Sept. 7, 2006 -- A federal advisory panel today rejected the FDA's conclusion that mercury in dental fillings poses little or no health risk to patients.
Experts said the move does not reflect a concern that mercury in fillings poses a risk to the vast majority of the tens of millions of Americans who have them.
Instead, the advisory panel warned that available scientific studies have not gone far enough to explain apparent health reactions seen in a minority of patients.
Prolonged or excessive mercury exposure can cause neurodevelopmental deficits in children, such as lower IQs or nerve problems, as well as neurologic problems in adults.
But dentists have long believed amalgam fillings (which contain mercury in addition to other metals) don't expose most patients to significant mercury levels.
Reports from the Environmental Protection Agency in 1993, and the U.S. Public Health Service in 1997, concluded mercury in fillings causes no serious health risks to patients.
A draft FDA report, issued this week, backed up those conclusions, saying no new information has come to light to refute them.
But experts on the advisory panel Thursday voted 13 to 7 to reject that conclusion because gaps in the scientific data leave open some questions about the fillings' safety.
For example, researchers have not determined whether mercury fillings are more dangerous for pregnant women and their newborns than for adults.
Studies have only just begun to tease out how much mercury humans get from dental fillings versus other environmental sources such as workplace exposure and eating contaminated fish.
Dozens of activists complaining of bad health effects testified before the committee over two days of deliberations.
"The vast majority of the population ... is extremely unlikely to have any complication," says Karl D. Kieburtz, MD, who co-chaired the panel. But available scientific studies make it difficult to determine "what population might be at what risk," says Kieburtz, a professor of neurology and preventative medicine at the University of Rochester School of Medicine and Dentistry.

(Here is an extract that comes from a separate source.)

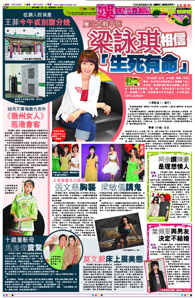 梁詠琪態度樂觀,總認為「生死有命,已成定局」,更笑言新碟尚有一首歌未錄完,死了怎辦。

Studies also have not determined why a small minority of patients may accumulate higher mercury levels than others even after similar levels of exposure.
"I'm taking it more seriously that there could be exposures, acute exposures," says Lynn R. Goldman, PhD, a professor of environmental health sciences at Johns Hopkins University in Baltimore, Md.
Two studies of 534 American children and 507 Portuguese children, published in the April issue of JAMA, The Journal of the American Medical Association, found no appreciable effect of amalgam fillings on a battery of neuropsychological tests, IQ tests, and nerve tests.
But European studies that suggest high mercury levels in some filling wearers have gained increased scrutiny from regulators there.
The FDA recently recommended that children and women of childbearing age limit their consumption of tuna and other kinds of fish because of high mercury levels in certain fish.
And activist groups have sought to ban mercury fillings, calling them unsafe.
The advisory panel made no official recommendations after its meeting. FDA officials will now have to rethink how to address public concerns about mercury fillings.
"We will take your recommendations, and we will start evaluating the next steps of what we do," Norris D. Alderson, MD, the FDA's associate commissioner for science, told the panel.
Readers with concerns about their fillings should talk to their dentist.